# RO water



## beans (Dec 7, 2004)

ok well i know thast RO means reverse osmosis but what does it do and should i get it for the 5 super red bellied ps im getin in my 75


----------



## SpAzZy (Mar 30, 2004)

you don't need an RO unit. it removes 95% of the trace elements found in tap water, and is only required/recommended for a saltwater tank. you need it if you're keeping expensive corals and inverts, because the trace elements could wipe out your entire tank.. with p's though, you don't need to do that, they'll be just fine with tap water and conditioner, buying the RO unit won't benefit you much unless you are using a drip system.


----------



## Husky_Jim (May 26, 2003)

SpAzZy said:


> you don't need an RO unit. it removes 95% of the trace elements found in tap water, and is only required/recommended for a saltwater tank. you need it if you're keeping expensive corals and inverts, because the trace elements could wipe out your entire tank.. with p's though, you don't need to do that, they'll be just fine with tap water and conditioner, buying the RO unit won't benefit you much unless you are using a drip system.
> [snapback]811126[/snapback]​


I totally dissagree with that.....

RO removes the heavy metals and various traces from the water,making the water with minimum GH and KH.
Depending on your water quality usually (at least here in Greece) tap water has 12 GH and 4 KH!
If you think that super reds have lived their life into rivers with 3-4 GH (120ppm of total hardness) then having your tank's water near 'Amazon' will only benefit your fish.

It is well known that if you want to breed South American fish then the RO Unit is a MUST ,cause many spieces require almost zero hardness in order to breed and for the eggs to hatch.....


----------



## Pterogho (Feb 8, 2004)

I won't just quote Jim's entire post, but never the less, I totally agree.

Where I live, the tap water reads 23 Gh and 16 Kh and 7.9 Ph.

If my RBP's where to live in this water, they would survive, but would rather be like Grey Bellied P's.
Thanks to my RO-kit, I can adjust these parameters to 6 Gh, 5 Kh and 6.8 Ph
and my P's show their colours like they where in for breeding.

.....and my my neontetras, aren't just something blue and red.
No! they are like brightly sparkling lanterns in the dark.

.... and a small group af diamondtetras actually managed to cast of fry, before the P's got to them.

Yup! RO-water, is not a nessecity, but it does indeed make a difference.


----------



## smithgrind_who (Mar 26, 2004)

I tried using RO water and it's a lot of work. But if one re-constitutes the water to the desired KH and pH, it will create better water quality.



DonH Sep 17 2004 said:


> RO water does not keep the water stable.

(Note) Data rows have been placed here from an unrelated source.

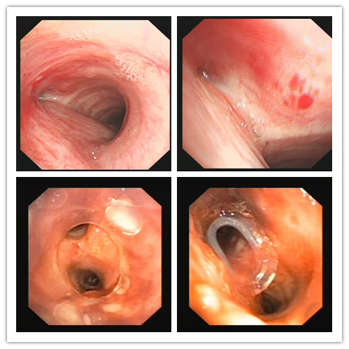 图1图2为支气管镜下支气管结核导致支气管闭塞。图3图4为支架植入后。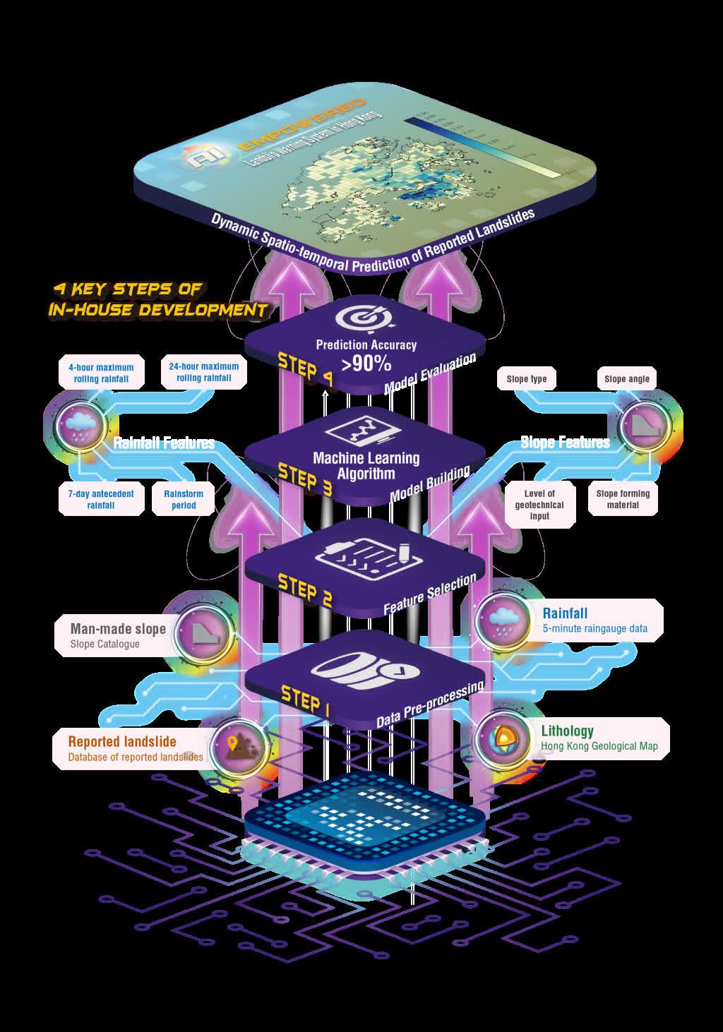 “AI+安全保障”展区展示多项预警与防灾技术。土木工程拓展署自主研发的“人工智能山泥倾泻警告系统”,透过分析实时雨量数据,动态估算山泥倾泻报告数目,预测准确度超过九成。系统已于去年成功试行,将于今年全面应用,优化山泥倾泻警告发放。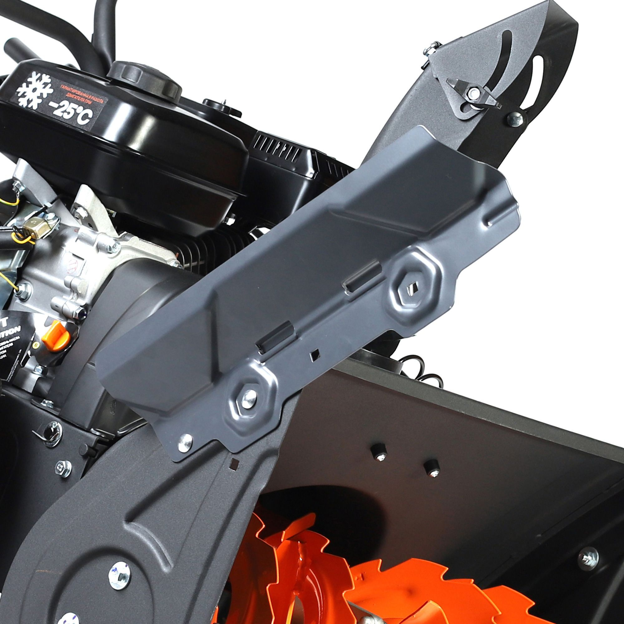 Средний самоходный бензиновый снегоуборщик, имеющий все качества больших агрегатов. В конструкции снегоуборщика используются только подшипники, а не втулки. Шестерня редуктора шнека выполнена из бронзы, что в десятки раз увеличивает ресурс снегоуборщика. Размер колес - 14х5,5-6

It does the exact opposite... When mixed with tap water, it softens it by diluting the magnesium/calcium concentration and also reduces the alkalinity which provides buffering to keep pH stable. Using pure RO will result in a very unstable pH and ultimately a pH crash. The advantage is, it's basically pure water that's free of any contaminants so it's a good working base so you can alter water parameters to your specific needs.
> 
> Is it worth the money? Yes, if you want specific water conditions for breeding purposes or just want to attempt to duplicate their native water parameters (but your tap water has a high pH and is very hard). Other than that, most fish will be fine without it.


----------



## Daddy O (Jan 16, 2004)

I use ro water in combination with tap water to achive desired water paramaters if you use large amounts of ro water you will have to add kent ro right to the ro water.


----------



## beans (Dec 7, 2004)

i can put like 70% of ro water andput the rest tap and that would be fine right but just not like perfect but it would still be decent water right

Whats kent Ro


----------



## smithgrind_who (Mar 26, 2004)

Kent makes a product called RO Right that adds elements back to RO and deionized water.


----------



## beans (Dec 7, 2004)

where can i get that at petsmart or local fish shop


----------